(Records from a collection)
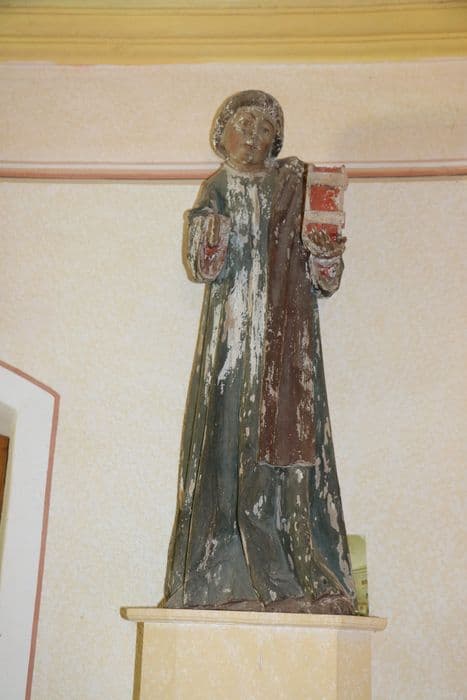 Habillé des vêtements de prêtrise, le jeune homme a les cheveux mi-longs et ondulés. Il tient un imposant livre dans sa main gauche, les évangiles probablement. Sa main droite est repliée sur sa poitrine.
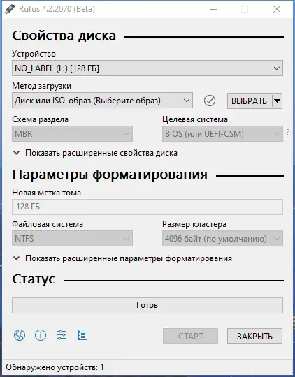 Работа с Rufus
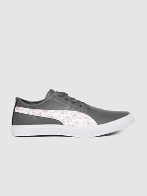 Product Code: 10253247 A pair of round-toe grey sneakers, has print detail on the sides, has regu...
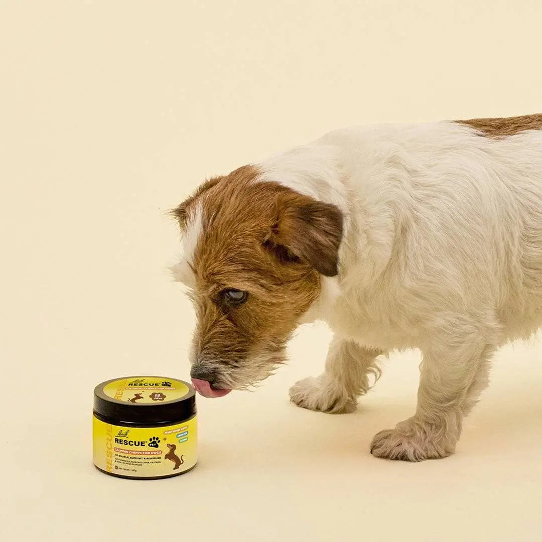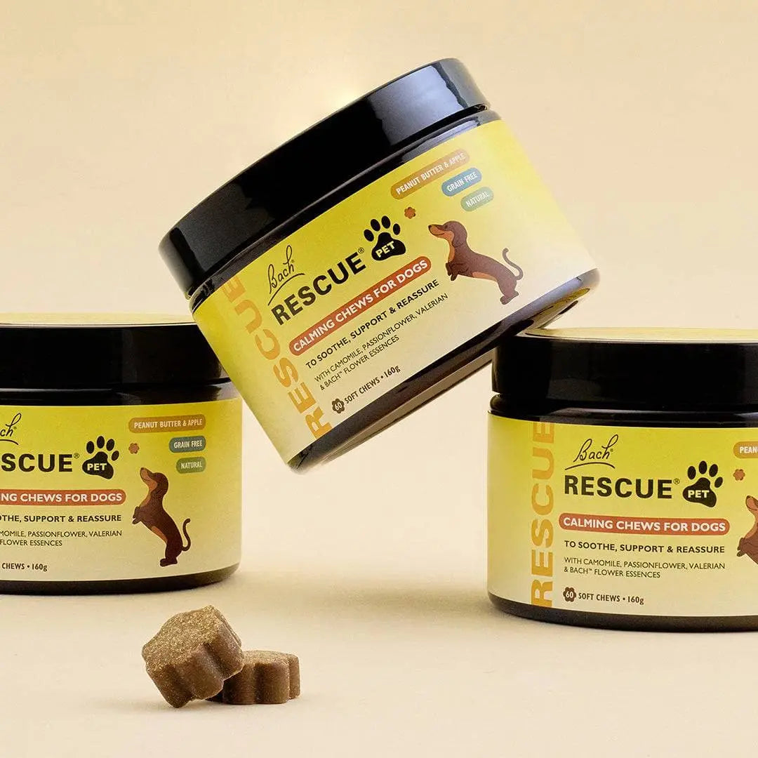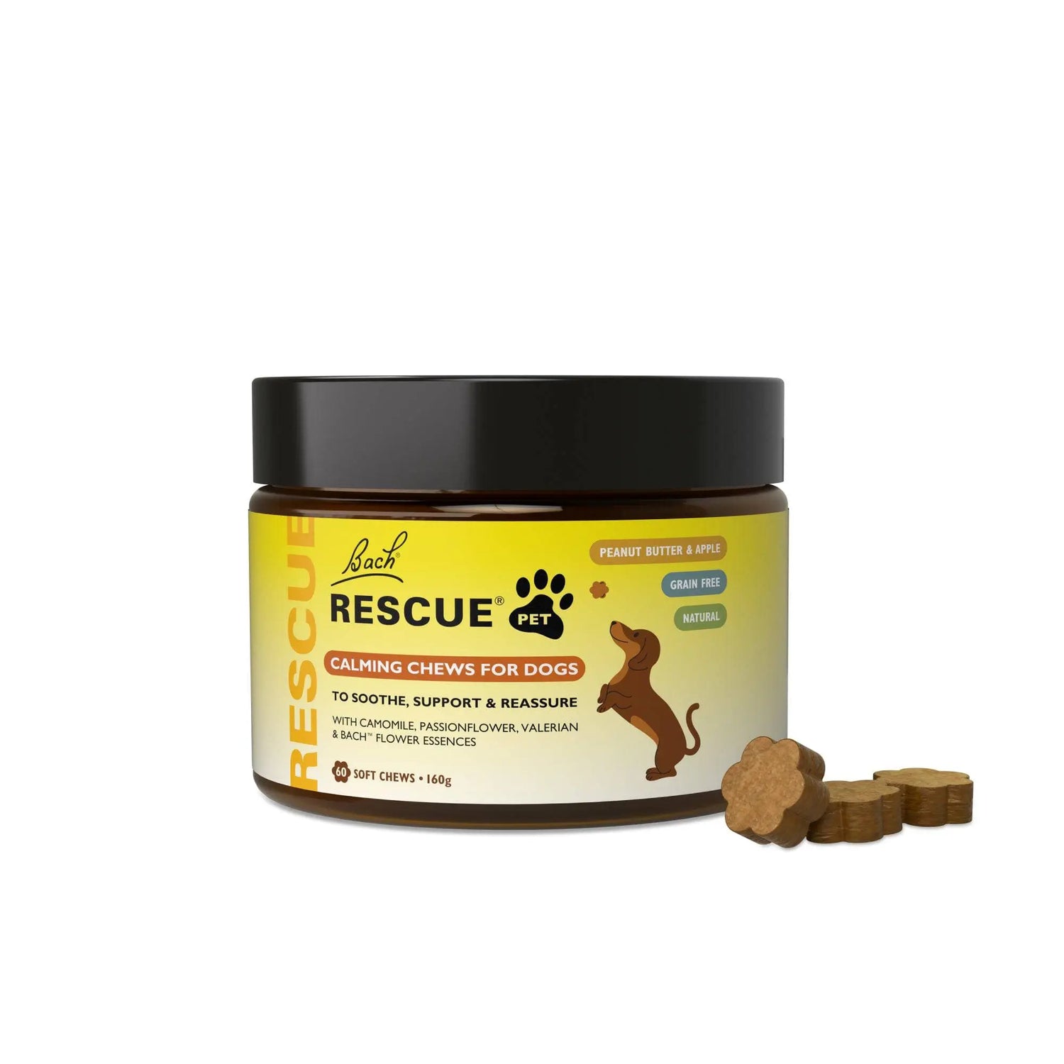 RESCUE® Pet Calming Chews for Dogs. Expertly crafted with a blend of botanicals including Camomile, Passionflower, Valerian, and Bach Original Flower Essences, to promote calmness and relaxation.
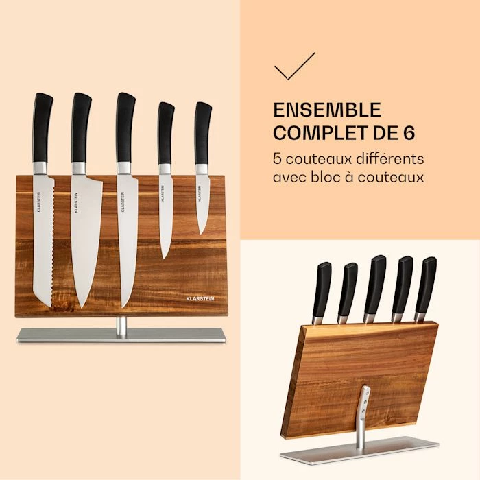 - Vaste set de 6 couteaux : 5 couteaux différents avec bloc à couteaux

§ **TASK OBJECTIVE**
Please output exactly the lines from the line containing "Product Code: 10253247" through the last line of the records above, both included, and leave out any pictures.

§ **ANSWER TO THIS EXERCISE**
 Product Code: 10253247 A pair of round-toe grey sneakers, has print detail on the sides, has regu...
 RESCUE® Pet Calming Chews for Dogs. Expertly crafted with a blend of botanicals including Camomile, Passionflower, Valerian, and Bach Original Flower Essences, to promote calmness and relaxation.
 - Vaste set de 6 couteaux : 5 couteaux différents avec bloc à couteaux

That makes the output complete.